(DATA begins)

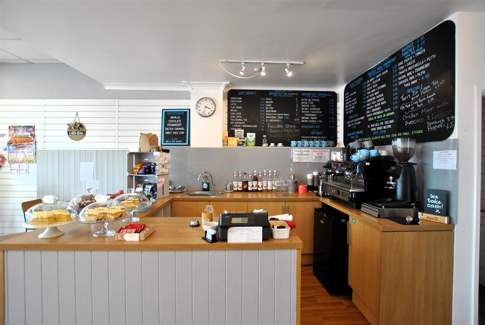 Seating for 25 inside and 6 outside the front of the Cafe.
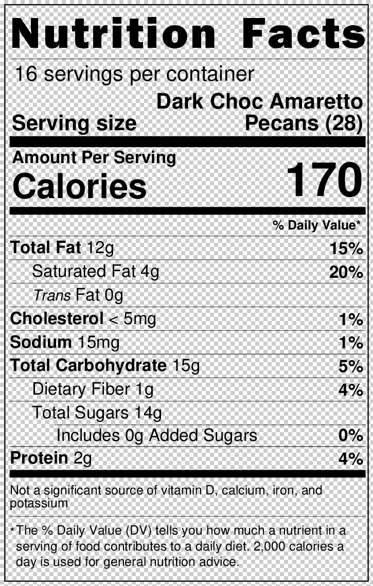 Keywords: Dark Chocolate Amaretto Pecans
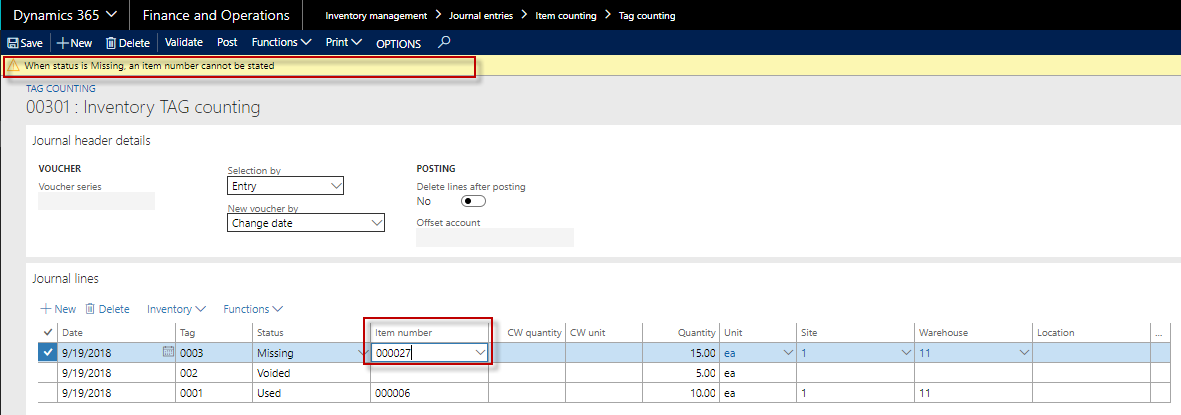 - Used - The item number is counted for the tag. This line is then transferred to counting journal upon posting of tag counting journal
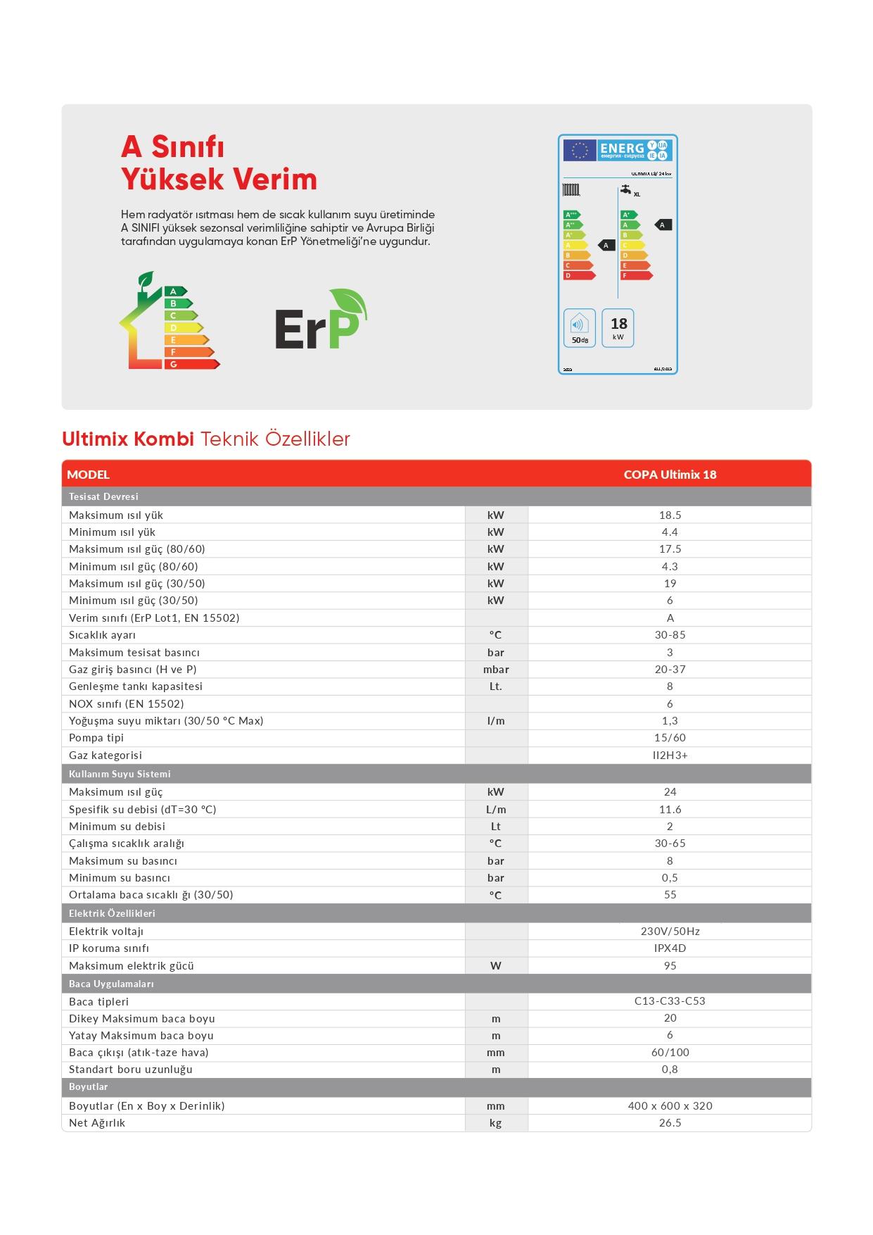Copa Ultimix Premix 18/24 kW Tam Yoğuşmalı Kombi
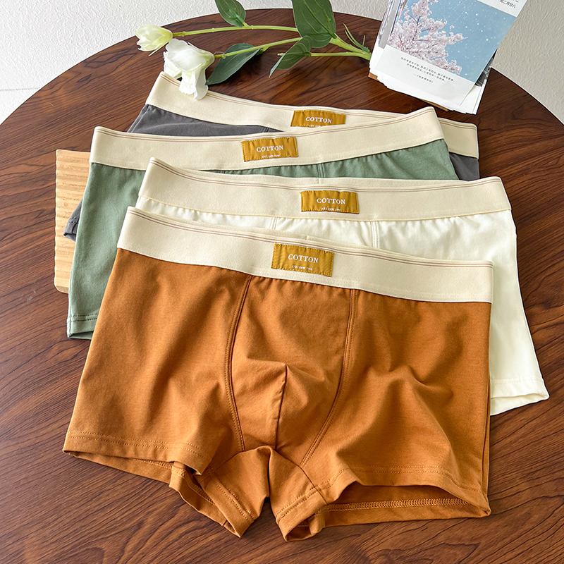 纯棉简约纯色舒适透气抗菌潮流撞色平角四角短裤 男款 内裤 秋冬男士
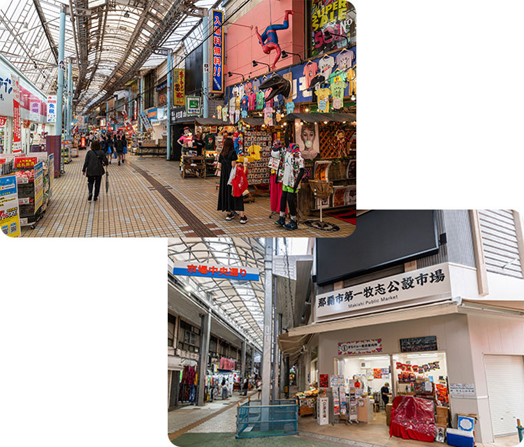 那覇市国際通りのほぼ真ん中に、お土産店やブティック、製菓店など約60店舗の多様なお店がひしめく「市場本通り」の入口があります。ノスタルジックな雰囲気を感じるアーケードを進むと沖縄観光の定番スポット「那覇市第一牧志公設市場」へと続き、国際通りとはまた違った雰囲気を楽しむことができます。

(DATA ends)

#### [WHAT TO PRODUCE]
Please restate the data word for word, leaving out any picture it holds.

#### [ANSWER TO THE EXERCISE]
 Seating for 25 inside and 6 outside the front of the Cafe.
 Keywords: Dark Chocolate Amaretto Pecans
 - Used - The item number is counted for the tag. This line is then transferred to counting journal upon posting of tag counting journal
Copa Ultimix Premix 18/24 kW Tam Yoğuşmalı Kombi
 纯棉简约纯色舒适透气抗菌潮流撞色平角四角短裤 男款 内裤 秋冬男士
 那覇市国際通りのほぼ真ん中に、お土産店やブティック、製菓店など約60店舗の多様なお店がひしめく「市場本通り」の入口があります。ノスタルジックな雰囲気を感じるアーケードを進むと沖縄観光の定番スポット「那覇市第一牧志公設市場」へと続き、国際通りとはまた違った雰囲気を楽しむことができます。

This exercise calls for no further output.